The same operators are available as with the stacktrace and node filters (and, not, or, (), etc).
Depending on the sampling rate you chose for each individual connection in your XML or CSV file, you'll be harvesting more or less thread dumps. Since your client memory is limited, you'll have to be careful and avoid selecting very large time windows, and also avoid using attribute-less queries or queries with combinations of attributes that aren't selective.
In most cases, you only need a few samples (a few minutes worth of data) harvested on a single JVM.
However, if you insist on retrieving large batches of thread dumps, you can increase your client memory size via the java -Xmx option. All you have to do is add this option to the JAVA_OPTS variable of the startClient file in your bin folder :
Here are a few bits of information on how we implemented certain aspects of the collector. They could be useful to you if you're going to use the collector extensively.
The TTL value set in the collector's config file is translated into an expiration constraint at index level in mongoDB. You can read https://docs.mongodb.org/manual/core/index-ttl/ to understand how that works. This way, no tedious housekeeping jobs have to be executed, mongoDB takes care of it for you.
There are two key collections in the store.
That collection will grow initially, but since we're only persisting distinct stacktraces (by calculating a hash value), that collection size will eventually approach a bounded value. You don't need to worry about the size of that collection anymore after a few days but expect big bumps when adding a completely new application to your connection list.
That collection grows continuously if you set the TTL value to 0. Otherwise, mongoDB will take care of removing the oldest entries for you every few minutes, thus effectively capping that collection.
The resulting effect of setting a TTL value is that you'll indirectly cap the maximum size that the thread dump collection will be able to reach. Setting this value to 0 will result in an uncapped collection size (fyi, this behaviour has been modified by us, that's not the way mongoDB interprets a 0 value).

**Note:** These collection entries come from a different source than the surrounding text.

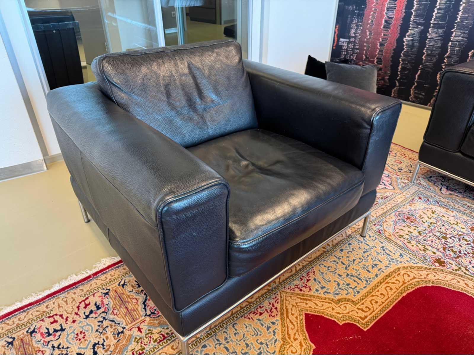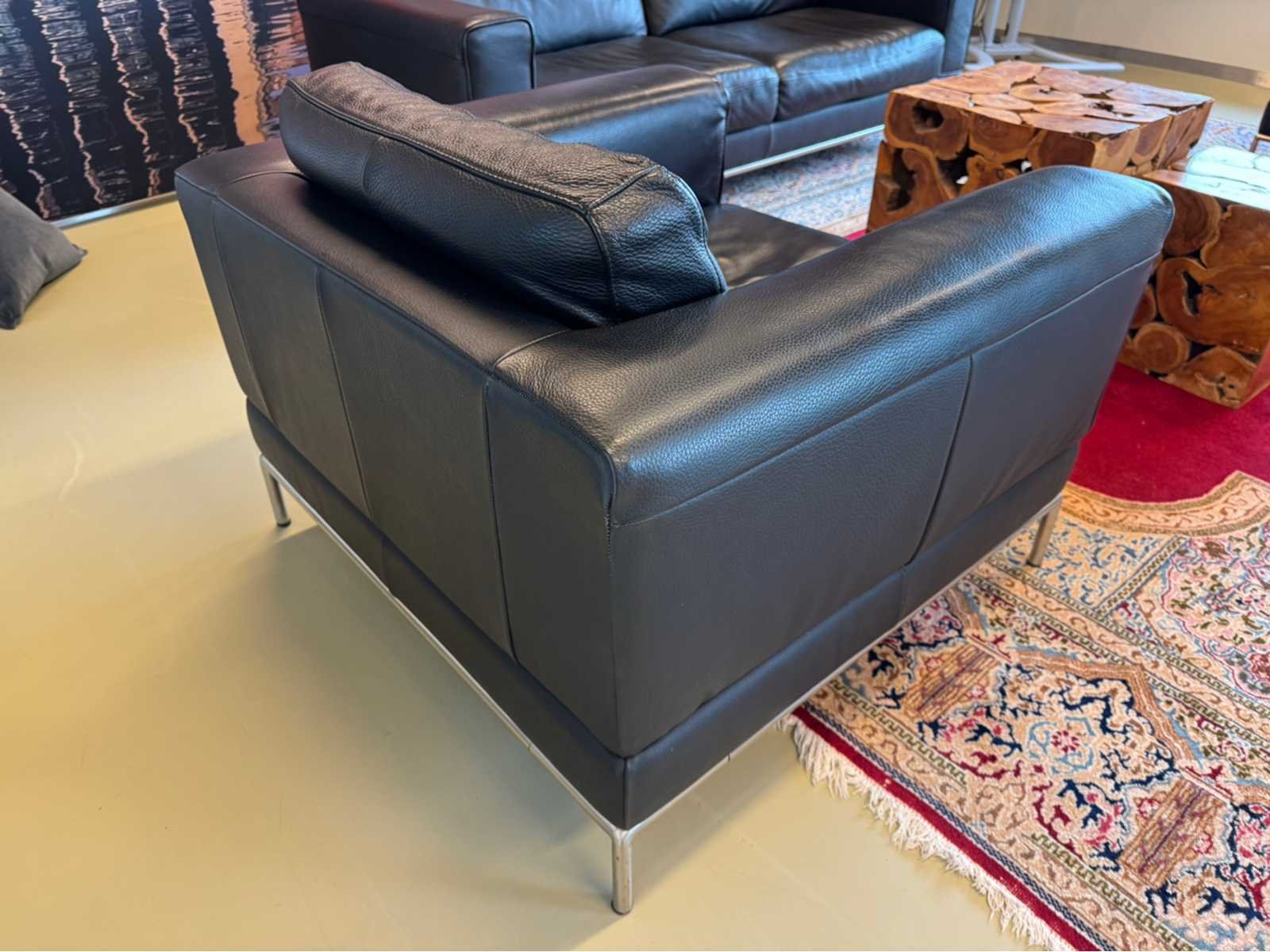 Voorzien van uitneembare kussens Op metalen poten Lengte: 90cm Breedte: 93cm Hoogte: 85cm
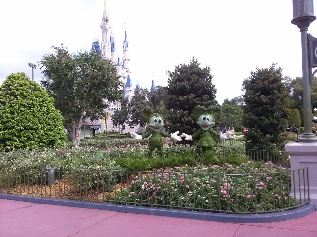 방문객들을 환영하듯 두 팔을 벌리고 서있는 디즈니월드 매직킹덤의 미키와 미니
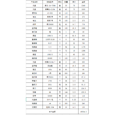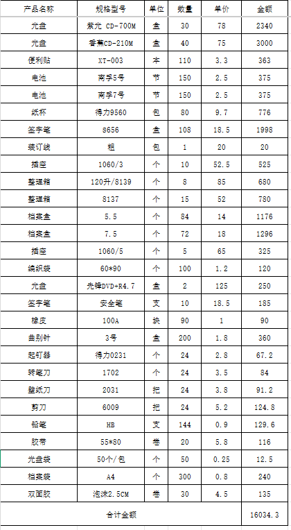 办公用品一批(详见清单) 自营
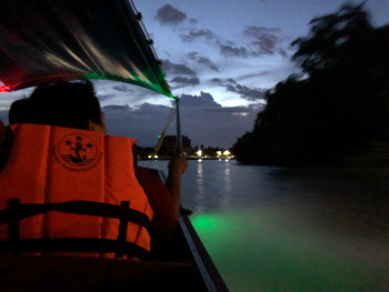 夜は、ツアーボートと屋台船が入り乱れ
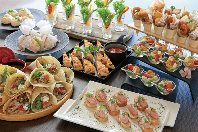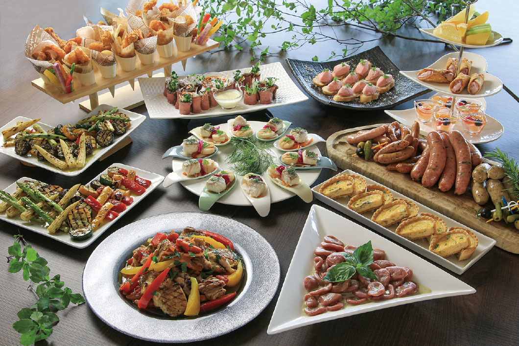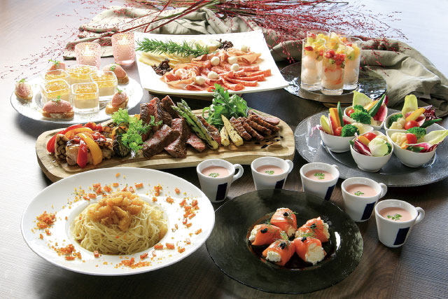 雲丹のフラン/スモークサーモン ディルの風味 ケッパー添え/パストラミビーフ/グリーンサラダ/シャウエッセン スモークソーセージ/ホットドックバリエ/フリットミスト/桜姫のオーブン焼き きのこのグリル 和風醤油ソース/ビーフステーキ ガーリックソース(ハーブ塩・胡椒塩)/ライスジュレ フルーツソース/選手監修メニュー
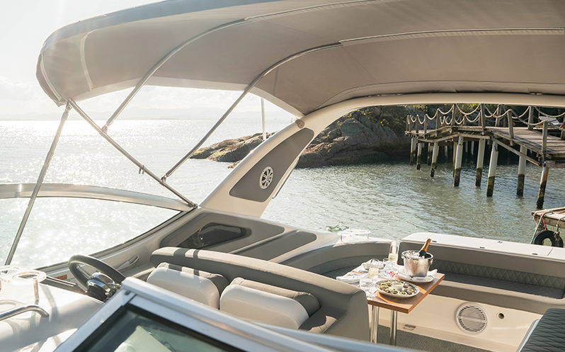 At any point during your stay at Ponta dos Ganchos, you can book a private ride in a motorboat to explore the areas around the property. The itinerary, made exclusively for just one couple, can include a brief visit to Florianópolis, Dolphins’ Bay and Anhatomirim Fort. Those who are interested can add a diving session in Arvoredo’s Marine Biology Reserve to the ride.
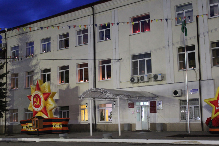 Одновременно с этим на пустой площади перед мемориалом «Танк» было выложено число 75 из горящих лампадных свечей. Такая акция проводится в медынском парке Воинской и трудовой славы ежегодно, но в этот раз - без присутствия людей в связи с пандемией коронавируса.

Per default, the collector will only set an index on the hash value of the stacktrace collection (the attribute is called "hashcode"), and on the "timestamp" attribute of the threaddump collection.
If you notice that the stacktrace count and retrieval times are unusually high, it means you're either querying an "unreasonable" amount of stacktraces or that your stacktraces are not flagged and organized properly. You'll want to add more specific attributes in the definition of your JMX connections. In certain cases, you may want to add a custom secondary index on some of these attributes. Maybe even a compound index.